Your objective → Retype, word for word, each line between the lines holding "以HiBREW H10A 半自动机" and "Az M4 autóút", inclusive, and leave the rest of the data alone.

Data extract →
▼

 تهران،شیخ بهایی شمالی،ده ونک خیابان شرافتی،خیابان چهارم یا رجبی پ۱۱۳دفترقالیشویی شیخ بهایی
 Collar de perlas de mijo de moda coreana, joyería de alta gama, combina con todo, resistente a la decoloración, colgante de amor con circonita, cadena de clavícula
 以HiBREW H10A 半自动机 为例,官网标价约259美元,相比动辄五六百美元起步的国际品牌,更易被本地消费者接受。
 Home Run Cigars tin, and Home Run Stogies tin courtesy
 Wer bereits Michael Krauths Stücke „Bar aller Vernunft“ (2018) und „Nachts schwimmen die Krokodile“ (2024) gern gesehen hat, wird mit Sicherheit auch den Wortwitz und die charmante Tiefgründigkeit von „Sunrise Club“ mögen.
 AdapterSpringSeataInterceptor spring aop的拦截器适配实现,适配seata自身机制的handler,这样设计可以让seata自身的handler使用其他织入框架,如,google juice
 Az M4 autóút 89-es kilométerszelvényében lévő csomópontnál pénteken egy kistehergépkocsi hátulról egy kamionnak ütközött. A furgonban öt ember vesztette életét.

▲
▼

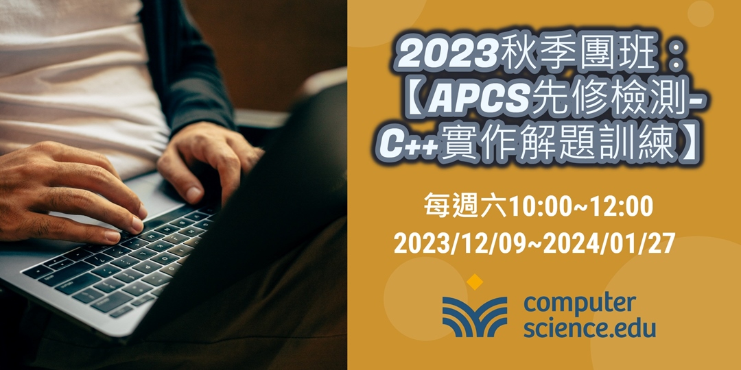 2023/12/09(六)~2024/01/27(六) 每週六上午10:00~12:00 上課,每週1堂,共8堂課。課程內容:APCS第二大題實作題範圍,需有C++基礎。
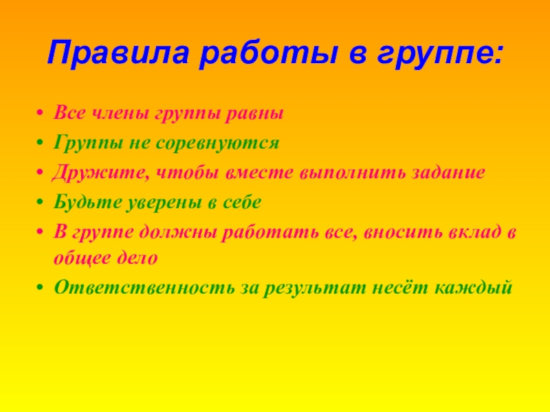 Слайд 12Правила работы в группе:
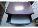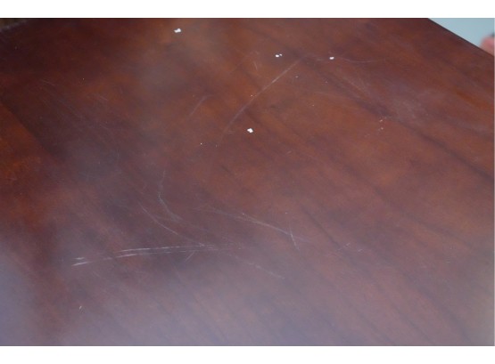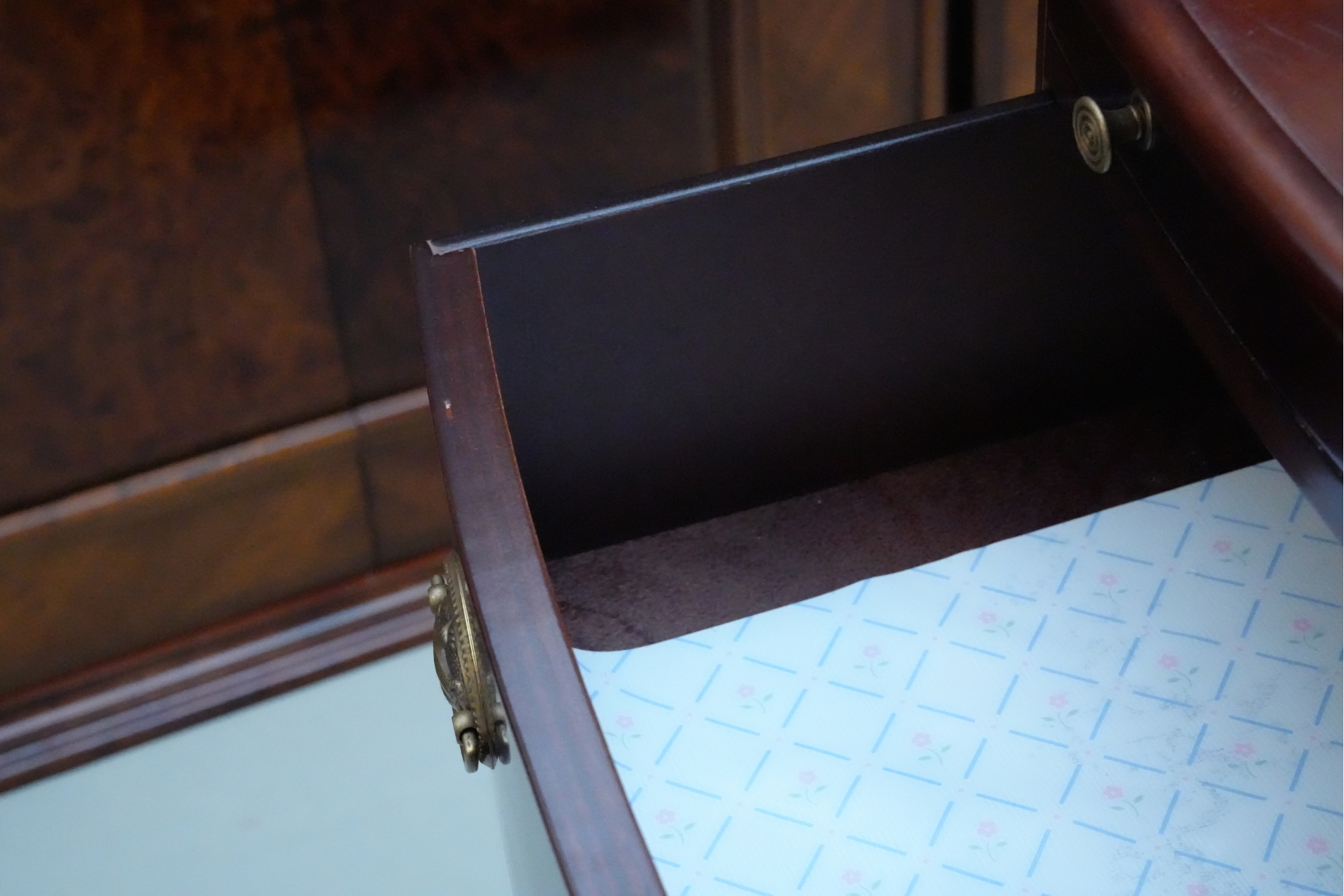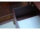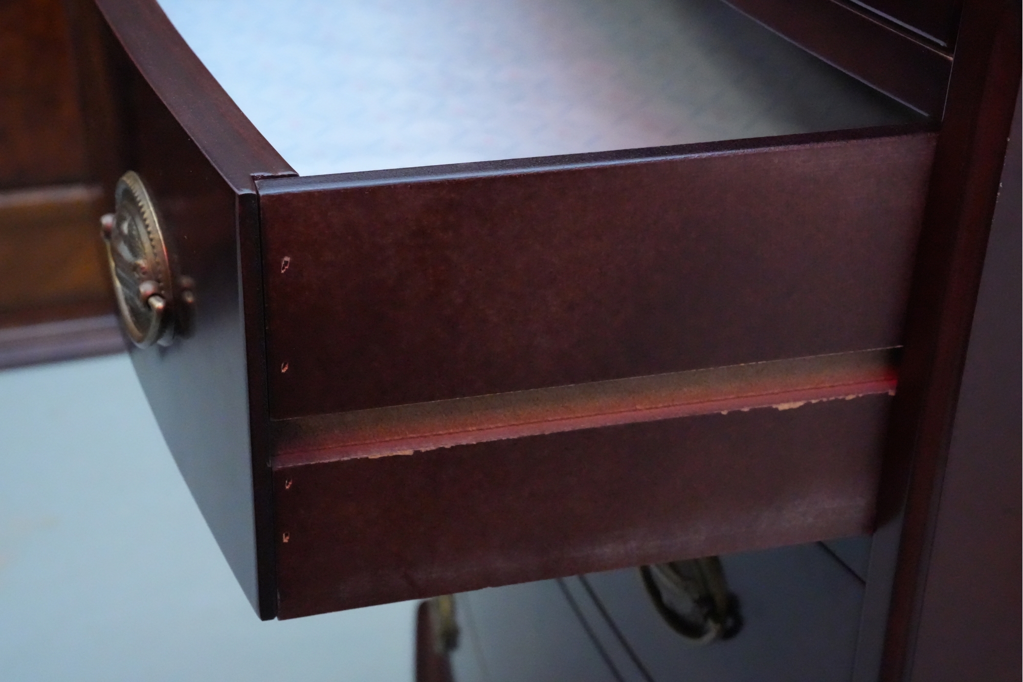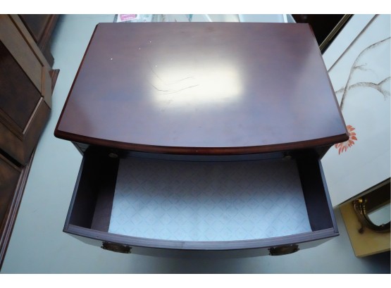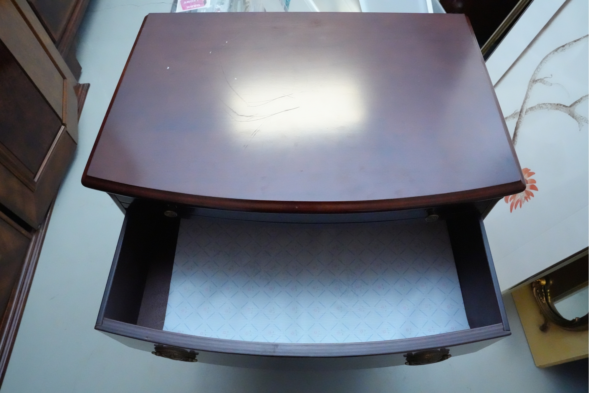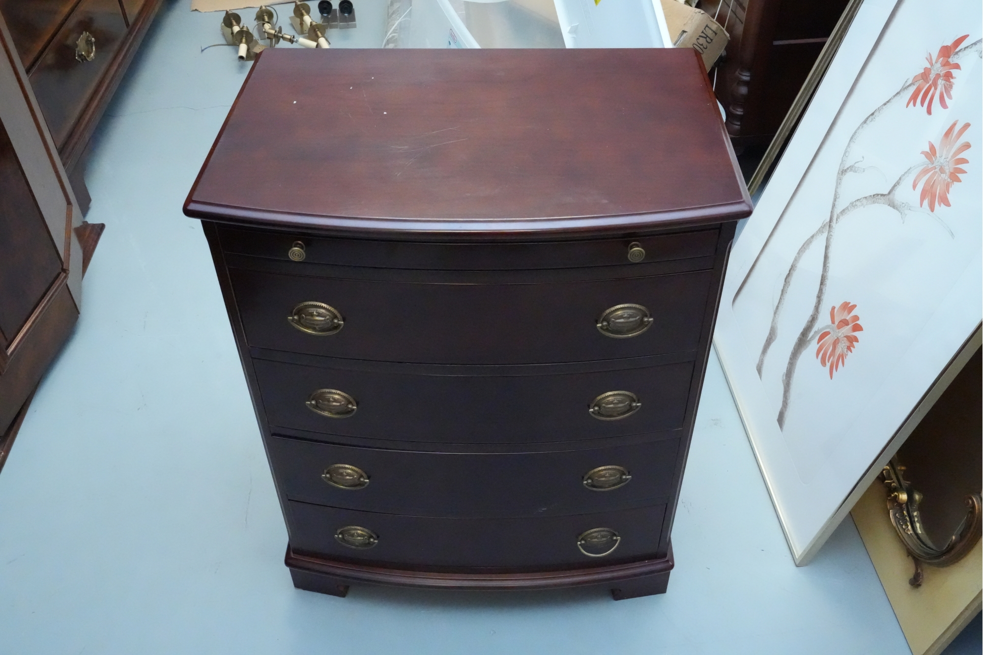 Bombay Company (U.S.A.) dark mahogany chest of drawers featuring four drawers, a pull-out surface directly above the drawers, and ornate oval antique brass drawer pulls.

▲

Written answer →
 以HiBREW H10A 半自动机 为例,官网标价约259美元,相比动辄五六百美元起步的国际品牌,更易被本地消费者接受。
 Home Run Cigars tin, and Home Run Stogies tin courtesy
 Wer bereits Michael Krauths Stücke „Bar aller Vernunft“ (2018) und „Nachts schwimmen die Krokodile“ (2024) gern gesehen hat, wird mit Sicherheit auch den Wortwitz und die charmante Tiefgründigkeit von „Sunrise Club“ mögen.
 AdapterSpringSeataInterceptor spring aop的拦截器适配实现,适配seata自身机制的handler,这样设计可以让seata自身的handler使用其他织入框架,如,google juice
 Az M4 autóút 89-es kilométerszelvényében lévő csomópontnál pénteken egy kistehergépkocsi hátulról egy kamionnak ütközött. A furgonban öt ember vesztette életét.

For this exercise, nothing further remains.